(Saved entries)

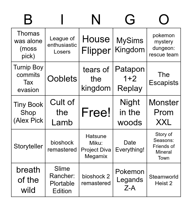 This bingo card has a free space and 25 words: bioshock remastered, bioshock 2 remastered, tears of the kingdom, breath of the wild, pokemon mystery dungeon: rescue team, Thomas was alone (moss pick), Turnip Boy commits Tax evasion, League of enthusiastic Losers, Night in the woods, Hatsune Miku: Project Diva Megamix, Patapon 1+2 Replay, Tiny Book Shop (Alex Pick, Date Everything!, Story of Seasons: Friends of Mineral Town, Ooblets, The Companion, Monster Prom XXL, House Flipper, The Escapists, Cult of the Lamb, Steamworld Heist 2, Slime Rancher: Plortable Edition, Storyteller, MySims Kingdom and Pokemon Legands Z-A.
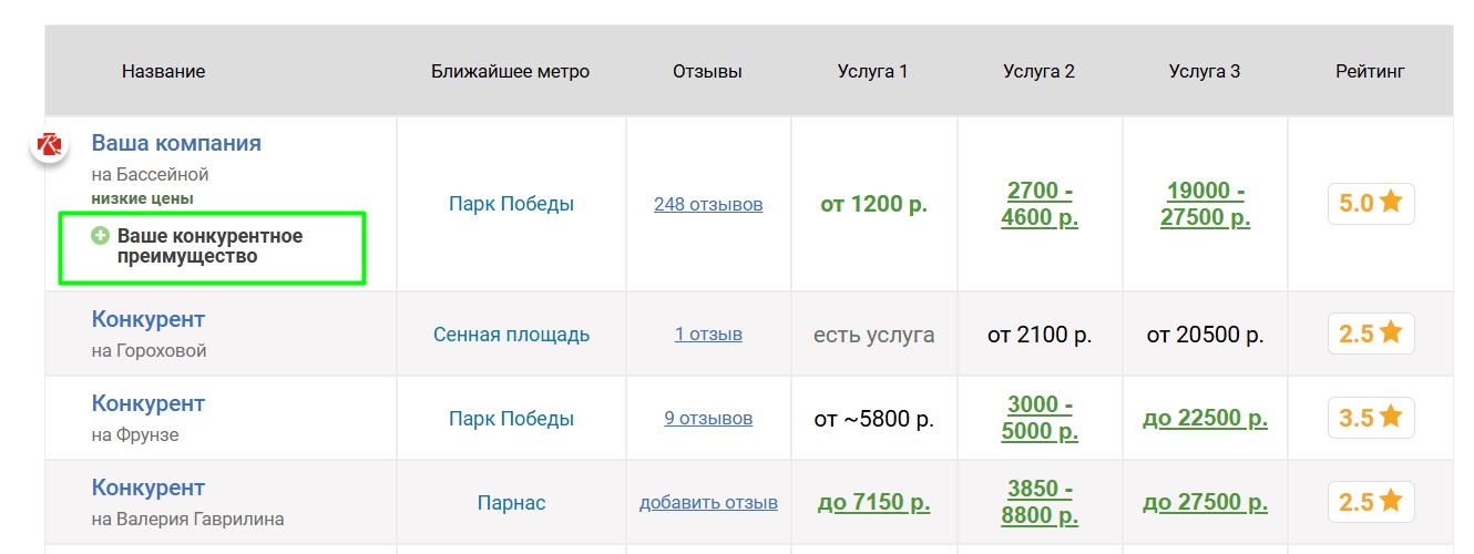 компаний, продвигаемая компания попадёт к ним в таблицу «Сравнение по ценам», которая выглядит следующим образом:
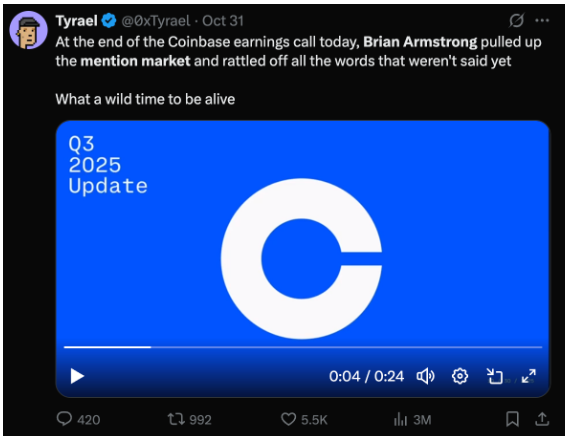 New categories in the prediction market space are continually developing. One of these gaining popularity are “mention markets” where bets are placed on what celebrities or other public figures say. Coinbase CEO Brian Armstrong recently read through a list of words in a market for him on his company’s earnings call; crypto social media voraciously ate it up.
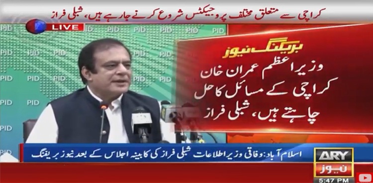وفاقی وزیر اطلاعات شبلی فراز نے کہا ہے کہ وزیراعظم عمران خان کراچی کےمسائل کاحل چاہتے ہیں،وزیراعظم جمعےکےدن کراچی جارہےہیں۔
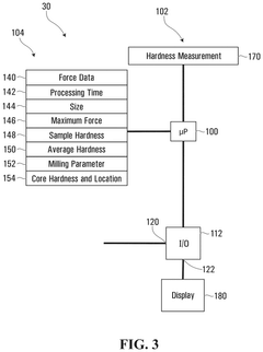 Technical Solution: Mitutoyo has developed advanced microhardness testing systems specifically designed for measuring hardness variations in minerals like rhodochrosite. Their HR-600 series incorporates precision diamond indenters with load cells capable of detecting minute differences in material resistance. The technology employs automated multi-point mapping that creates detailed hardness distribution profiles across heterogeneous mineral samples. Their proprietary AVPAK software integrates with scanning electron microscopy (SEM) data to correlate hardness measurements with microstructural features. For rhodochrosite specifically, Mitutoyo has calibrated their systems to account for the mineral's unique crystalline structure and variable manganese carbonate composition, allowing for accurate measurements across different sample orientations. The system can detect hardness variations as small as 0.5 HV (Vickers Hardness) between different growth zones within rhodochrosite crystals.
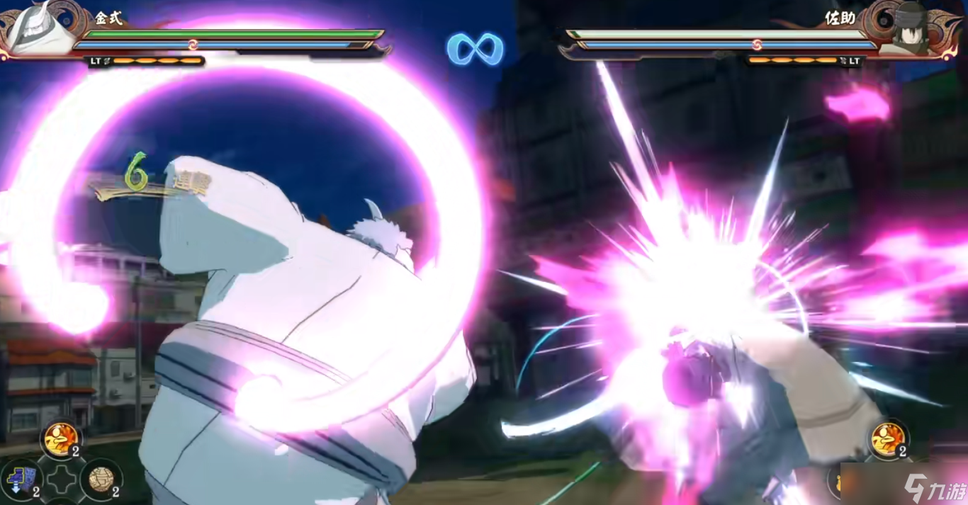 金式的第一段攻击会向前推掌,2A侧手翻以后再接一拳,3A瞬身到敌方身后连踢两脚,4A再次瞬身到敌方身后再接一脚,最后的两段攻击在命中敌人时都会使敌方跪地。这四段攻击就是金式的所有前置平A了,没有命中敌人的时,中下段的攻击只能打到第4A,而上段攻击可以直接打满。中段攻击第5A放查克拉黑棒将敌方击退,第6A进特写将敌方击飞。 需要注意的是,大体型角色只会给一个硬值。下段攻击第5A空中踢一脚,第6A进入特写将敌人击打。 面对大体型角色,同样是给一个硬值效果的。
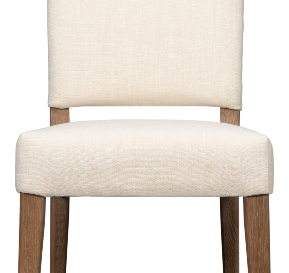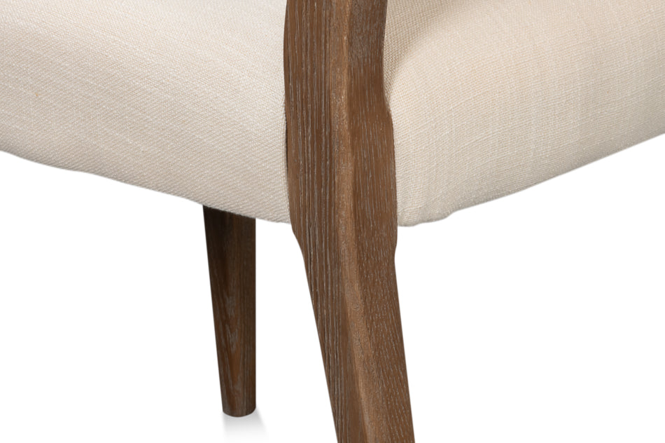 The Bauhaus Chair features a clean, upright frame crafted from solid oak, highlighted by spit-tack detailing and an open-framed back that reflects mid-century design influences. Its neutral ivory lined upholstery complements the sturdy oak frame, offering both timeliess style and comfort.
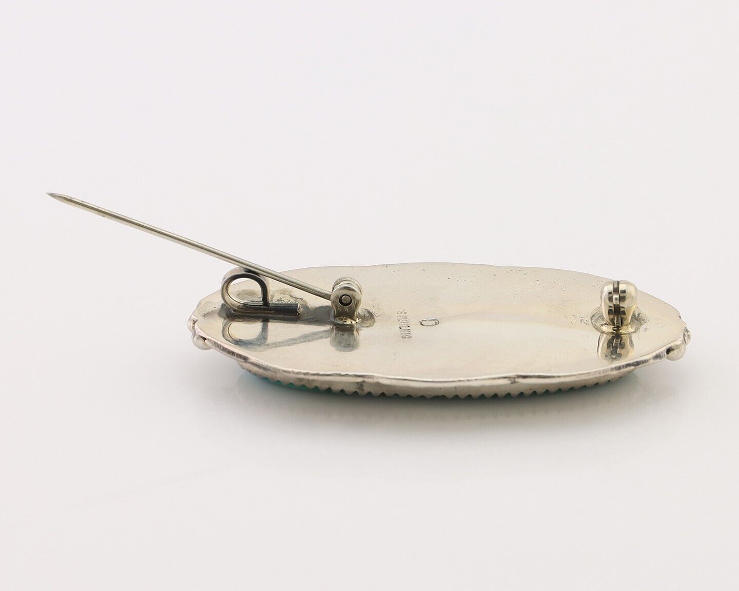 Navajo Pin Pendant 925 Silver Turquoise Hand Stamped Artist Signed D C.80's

#### WHAT YOU SHOULD DO
Using the data above, give again exactly the lines starting at the one holding "New categories in" and ending at the one holding "وفاقی وزیر اطلاعات", inclusive, and nothing more. Omit the pictures.

#### ANSWER SPACE
 New categories in the prediction market space are continually developing. One of these gaining popularity are “mention markets” where bets are placed on what celebrities or other public figures say. Coinbase CEO Brian Armstrong recently read through a list of words in a market for him on his company’s earnings call; crypto social media voraciously ate it up.
وفاقی وزیر اطلاعات شبلی فراز نے کہا ہے کہ وزیراعظم عمران خان کراچی کےمسائل کاحل چاہتے ہیں،وزیراعظم جمعےکےدن کراچی جارہےہیں۔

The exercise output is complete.